[Start of section]

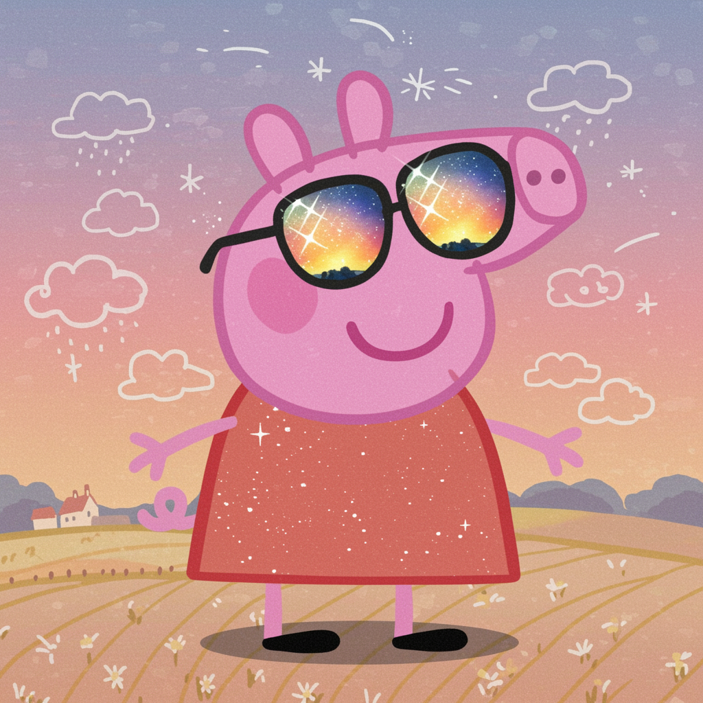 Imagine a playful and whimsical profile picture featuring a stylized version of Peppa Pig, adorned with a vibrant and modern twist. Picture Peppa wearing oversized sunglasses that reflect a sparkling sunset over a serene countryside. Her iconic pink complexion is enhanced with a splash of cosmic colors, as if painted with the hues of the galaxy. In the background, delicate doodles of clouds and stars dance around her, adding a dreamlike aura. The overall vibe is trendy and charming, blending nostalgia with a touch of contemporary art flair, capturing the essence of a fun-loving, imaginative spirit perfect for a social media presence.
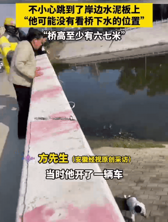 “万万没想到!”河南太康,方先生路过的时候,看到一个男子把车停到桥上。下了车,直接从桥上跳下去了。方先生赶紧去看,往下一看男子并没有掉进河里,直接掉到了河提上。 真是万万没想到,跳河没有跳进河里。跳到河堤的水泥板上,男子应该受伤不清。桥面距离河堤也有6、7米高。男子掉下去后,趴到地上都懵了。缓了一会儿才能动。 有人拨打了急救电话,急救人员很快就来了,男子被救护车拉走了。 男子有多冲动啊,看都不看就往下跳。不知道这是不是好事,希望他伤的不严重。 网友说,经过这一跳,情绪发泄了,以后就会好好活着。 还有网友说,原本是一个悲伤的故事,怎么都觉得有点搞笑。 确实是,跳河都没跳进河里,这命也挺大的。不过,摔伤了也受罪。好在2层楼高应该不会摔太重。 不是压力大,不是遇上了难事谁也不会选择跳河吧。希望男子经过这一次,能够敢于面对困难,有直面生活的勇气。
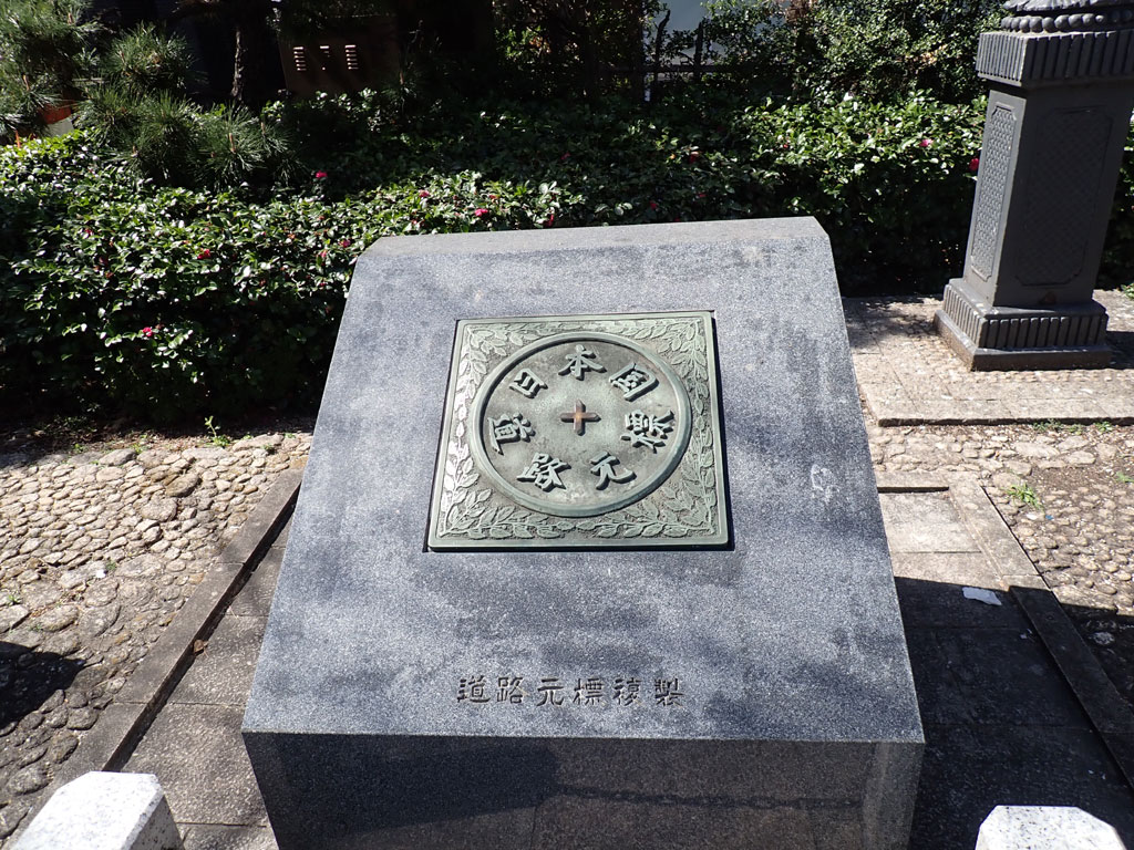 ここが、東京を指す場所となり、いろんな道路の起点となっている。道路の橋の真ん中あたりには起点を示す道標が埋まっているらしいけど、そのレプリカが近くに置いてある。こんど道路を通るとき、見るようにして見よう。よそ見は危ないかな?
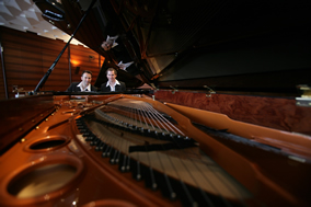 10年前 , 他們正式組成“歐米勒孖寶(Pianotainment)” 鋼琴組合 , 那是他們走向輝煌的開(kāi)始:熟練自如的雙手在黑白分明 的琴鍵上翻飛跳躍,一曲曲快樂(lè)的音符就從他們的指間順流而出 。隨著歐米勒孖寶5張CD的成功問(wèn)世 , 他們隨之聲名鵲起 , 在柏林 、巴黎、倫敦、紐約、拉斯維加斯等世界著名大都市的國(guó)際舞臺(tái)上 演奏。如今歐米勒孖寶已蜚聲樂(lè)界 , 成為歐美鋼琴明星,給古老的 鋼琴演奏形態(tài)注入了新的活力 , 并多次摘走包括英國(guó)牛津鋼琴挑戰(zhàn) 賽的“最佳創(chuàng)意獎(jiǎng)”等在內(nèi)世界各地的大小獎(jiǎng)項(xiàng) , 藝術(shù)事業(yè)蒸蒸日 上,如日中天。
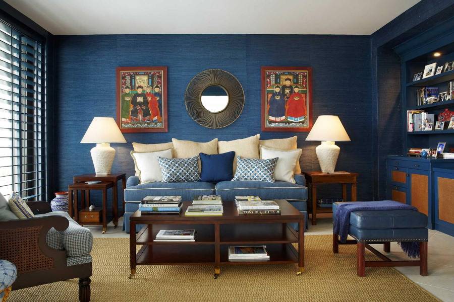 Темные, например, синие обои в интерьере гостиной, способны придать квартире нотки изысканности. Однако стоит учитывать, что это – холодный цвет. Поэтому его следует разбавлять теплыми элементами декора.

[End of section]

From the first line to the last, repeat the records exactly and skip the pictures.

 Imagine a playful and whimsical profile picture featuring a stylized version of Peppa Pig, adorned with a vibrant and modern twist. Picture Peppa wearing oversized sunglasses that reflect a sparkling sunset over a serene countryside. Her iconic pink complexion is enhanced with a splash of cosmic colors, as if painted with the hues of the galaxy. In the background, delicate doodles of clouds and stars dance around her, adding a dreamlike aura. The overall vibe is trendy and charming, blending nostalgia with a touch of contemporary art flair, capturing the essence of a fun-loving, imaginative spirit perfect for a social media presence.
 “万万没想到!”河南太康,方先生路过的时候,看到一个男子把车停到桥上。下了车,直接从桥上跳下去了。方先生赶紧去看,往下一看男子并没有掉进河里,直接掉到了河提上。 真是万万没想到,跳河没有跳进河里。跳到河堤的水泥板上,男子应该受伤不清。桥面距离河堤也有6、7米高。男子掉下去后,趴到地上都懵了。缓了一会儿才能动。 有人拨打了急救电话,急救人员很快就来了,男子被救护车拉走了。 男子有多冲动啊,看都不看就往下跳。不知道这是不是好事,希望他伤的不严重。 网友说,经过这一跳,情绪发泄了,以后就会好好活着。 还有网友说,原本是一个悲伤的故事,怎么都觉得有点搞笑。 确实是,跳河都没跳进河里,这命也挺大的。不过,摔伤了也受罪。好在2层楼高应该不会摔太重。 不是压力大,不是遇上了难事谁也不会选择跳河吧。希望男子经过这一次,能够敢于面对困难,有直面生活的勇气。
 ここが、東京を指す場所となり、いろんな道路の起点となっている。道路の橋の真ん中あたりには起点を示す道標が埋まっているらしいけど、そのレプリカが近くに置いてある。こんど道路を通るとき、見るようにして見よう。よそ見は危ないかな?
 10年前 , 他們正式組成“歐米勒孖寶(Pianotainment)” 鋼琴組合 , 那是他們走向輝煌的開(kāi)始:熟練自如的雙手在黑白分明 的琴鍵上翻飛跳躍,一曲曲快樂(lè)的音符就從他們的指間順流而出 。隨著歐米勒孖寶5張CD的成功問(wèn)世 , 他們隨之聲名鵲起 , 在柏林 、巴黎、倫敦、紐約、拉斯維加斯等世界著名大都市的國(guó)際舞臺(tái)上 演奏。如今歐米勒孖寶已蜚聲樂(lè)界 , 成為歐美鋼琴明星,給古老的 鋼琴演奏形態(tài)注入了新的活力 , 并多次摘走包括英國(guó)牛津鋼琴挑戰(zhàn) 賽的“最佳創(chuàng)意獎(jiǎng)”等在內(nèi)世界各地的大小獎(jiǎng)項(xiàng) , 藝術(shù)事業(yè)蒸蒸日 上,如日中天。
 Темные, например, синие обои в интерьере гостиной, способны придать квартире нотки изысканности. Однако стоит учитывать, что это – холодный цвет. Поэтому его следует разбавлять теплыми элементами декора.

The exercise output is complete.